DISCLOSURE OF INVENTION Accordingly, the present invention has been made keeping in mind the above-described shortcoming and user's need, and an object of the present invention is to provide a method and a system for monitoring emails, and more particularly, the e-mail monitoring method and system which can monitor efficiently if the confidential
documents of a group are sent out through e-mails by learning the concept of confidential documents and general documents automatically and classifying e-mails on the basis of learning results. This and other objects of the present invention may be accomplished by the provision of an e-mail monitoring method for monitoring an e-mail sent out from predetermined group comprising the steps of classifying documents of the group into confidential documents or general documents as a level of security demands; converting the document into a form applicable to a Support Vector Machine (SVM) algorithm; calculating a Hyper-Plane classifying the documents into the confidential documents or the general documents and a Support Vector which is a vector of a nearest document to the Hyper-plane by learning the documents with the SVM algorithm; sniffing the e-mail sent from an inside of the group to an outside; converting the sniffed e-mail into the form applicable to the SVM algorithm; and applying the SVM algorithm to both the Support Vector calculated from a result by learning and the e-mail converted to a vector type and discriminating if the sniffed e-mail includes the confidential documents.

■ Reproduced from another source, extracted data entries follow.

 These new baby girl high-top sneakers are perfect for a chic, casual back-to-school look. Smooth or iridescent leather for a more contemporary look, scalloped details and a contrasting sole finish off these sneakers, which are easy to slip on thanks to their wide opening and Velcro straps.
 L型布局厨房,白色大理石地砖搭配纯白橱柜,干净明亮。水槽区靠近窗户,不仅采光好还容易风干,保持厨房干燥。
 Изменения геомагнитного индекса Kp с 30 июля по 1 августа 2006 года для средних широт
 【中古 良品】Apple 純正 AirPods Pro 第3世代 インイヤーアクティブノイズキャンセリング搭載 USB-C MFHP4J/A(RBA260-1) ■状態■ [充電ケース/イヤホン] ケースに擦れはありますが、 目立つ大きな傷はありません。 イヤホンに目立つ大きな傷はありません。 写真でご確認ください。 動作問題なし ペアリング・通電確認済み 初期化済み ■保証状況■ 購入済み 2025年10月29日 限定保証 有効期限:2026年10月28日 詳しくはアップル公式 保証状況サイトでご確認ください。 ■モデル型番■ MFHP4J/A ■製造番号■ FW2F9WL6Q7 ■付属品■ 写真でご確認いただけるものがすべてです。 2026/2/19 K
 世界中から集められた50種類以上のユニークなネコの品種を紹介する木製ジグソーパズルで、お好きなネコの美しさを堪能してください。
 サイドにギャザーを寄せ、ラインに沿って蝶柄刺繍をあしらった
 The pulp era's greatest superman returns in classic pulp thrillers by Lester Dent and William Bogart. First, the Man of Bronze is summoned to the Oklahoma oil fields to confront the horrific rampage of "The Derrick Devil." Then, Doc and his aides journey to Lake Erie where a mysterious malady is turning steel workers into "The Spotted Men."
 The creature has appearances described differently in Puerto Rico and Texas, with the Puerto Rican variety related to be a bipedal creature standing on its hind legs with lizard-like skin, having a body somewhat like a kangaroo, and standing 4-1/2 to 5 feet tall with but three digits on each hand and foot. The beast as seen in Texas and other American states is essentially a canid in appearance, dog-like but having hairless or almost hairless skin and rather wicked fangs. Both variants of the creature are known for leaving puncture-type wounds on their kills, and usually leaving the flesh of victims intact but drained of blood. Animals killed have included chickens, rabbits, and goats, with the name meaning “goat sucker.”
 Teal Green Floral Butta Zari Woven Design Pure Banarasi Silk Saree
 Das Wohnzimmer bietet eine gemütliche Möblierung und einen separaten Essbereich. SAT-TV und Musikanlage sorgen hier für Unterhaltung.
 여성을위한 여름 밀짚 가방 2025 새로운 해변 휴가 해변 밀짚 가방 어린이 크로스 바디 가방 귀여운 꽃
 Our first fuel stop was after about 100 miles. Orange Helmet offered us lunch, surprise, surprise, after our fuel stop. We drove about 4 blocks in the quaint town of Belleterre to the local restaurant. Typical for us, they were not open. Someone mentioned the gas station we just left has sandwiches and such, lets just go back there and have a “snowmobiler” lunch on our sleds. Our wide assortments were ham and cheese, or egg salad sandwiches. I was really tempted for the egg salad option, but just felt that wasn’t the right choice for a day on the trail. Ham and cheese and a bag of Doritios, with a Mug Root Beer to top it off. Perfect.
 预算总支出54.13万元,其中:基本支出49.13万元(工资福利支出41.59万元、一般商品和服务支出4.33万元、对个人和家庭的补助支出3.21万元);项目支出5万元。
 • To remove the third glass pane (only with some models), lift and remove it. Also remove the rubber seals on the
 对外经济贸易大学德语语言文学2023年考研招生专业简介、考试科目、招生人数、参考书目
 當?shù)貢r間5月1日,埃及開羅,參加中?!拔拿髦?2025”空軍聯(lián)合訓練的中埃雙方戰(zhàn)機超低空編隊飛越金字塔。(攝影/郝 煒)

Herein, the step of converting the document into a form applicable to the SVM algorithm can comprise the
steps of reading words included in the document and the e-mails; converting the read words into prescribed values; and indicating the document and the e-mail as a vector type with the words converted into the prescribed values .
Preferably, the e-mail monitoring method further comprises the step of reporting an analyzed result after analyzing if the sniffed e-mail is the confidential document, so that the sent e-mail is monitored in real time.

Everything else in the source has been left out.